Ya, Luhan memang sengaja dibawa kerumah Kyungsoo karena dia tidak bisa ditinggal sendiri dirumah sementara Sehun belum bisa ditemukan, seperti dua hari lalu misalnya, Kai dan Chanyeol benar-benar dibuat hampir mati ketakutan karena Luhan mentah-mentah menemui Sangchul dan hampir menembaki semua anak buah Sangchul yang jumlahnya selusin, beruntung saat itu Thunder bisa dengan cepat melacak keberadaan Luhan, hingga mereka akhirnya bisa kesana tepat waktu dan belum terjadi hal yang mengerikan pada Luhan. Dari malam itu, Kai dan Chanyeol langsung membawa Luhan kerumah Kyungsoo karena disana mereka bisa mengawasi Luhan sementara mereka bisa mencari Sehun tanpa harus memikirkan Luhan yang bisa berbuat nekat lagi.

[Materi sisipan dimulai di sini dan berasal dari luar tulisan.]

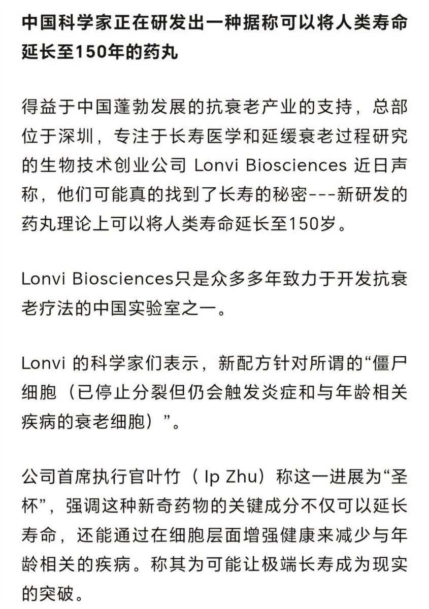 墙内微信热传此截图,下面的科学家已全力加速⏩,为习近平 #活到150岁 撸起袖子加油干💪!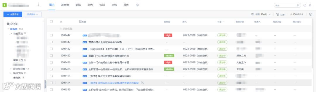 需求清单主要记录产品的功能需求、技术研究、以及非功能性需求等,通过需求分类进行归类管理,还可以通过子需求的方式对粗粒度的需求进行分解和细化,对优先级的设置对需求项进行排序,另外也可以自定义视图来筛选指定范围的需求项,主要界面如下:

"Tuan muda, anda kedatangan tamu" pengurus Lee membungkuk memberitahu Kyungsoo "Siapa?" Tanya Kyungsoo yang bingung karena sebelumnya dia tidak pernah kedatangan tamu.
"Kami" terdengar sebuah suara yang diikuti beberapa orang dibelakangnya.
"Hyung? Kenapa kalian disini?" Tanya Kai berdiri menghampiri Siwon dan kelima temannya yang datang kerumah Kyungsoo.
"Apa kalian dapat sesuatu?" Tanya Chanyeol berharap kedatangan kelima temannya
"Belum, kami belum menemukannya" jawab Yunho mendekati Kai dan Chanyeol
"Tapi kita bisa berhenti mencari Sehun" kali ini Siwon yang berbicara
"Apa maksudmu?" Tanya Kai tersinggung "Jika kalian tidak ingin memban..."
"Ini!" Siwon melemparkan sesuatu ke meja di ruang santai rumah Kyungsoo.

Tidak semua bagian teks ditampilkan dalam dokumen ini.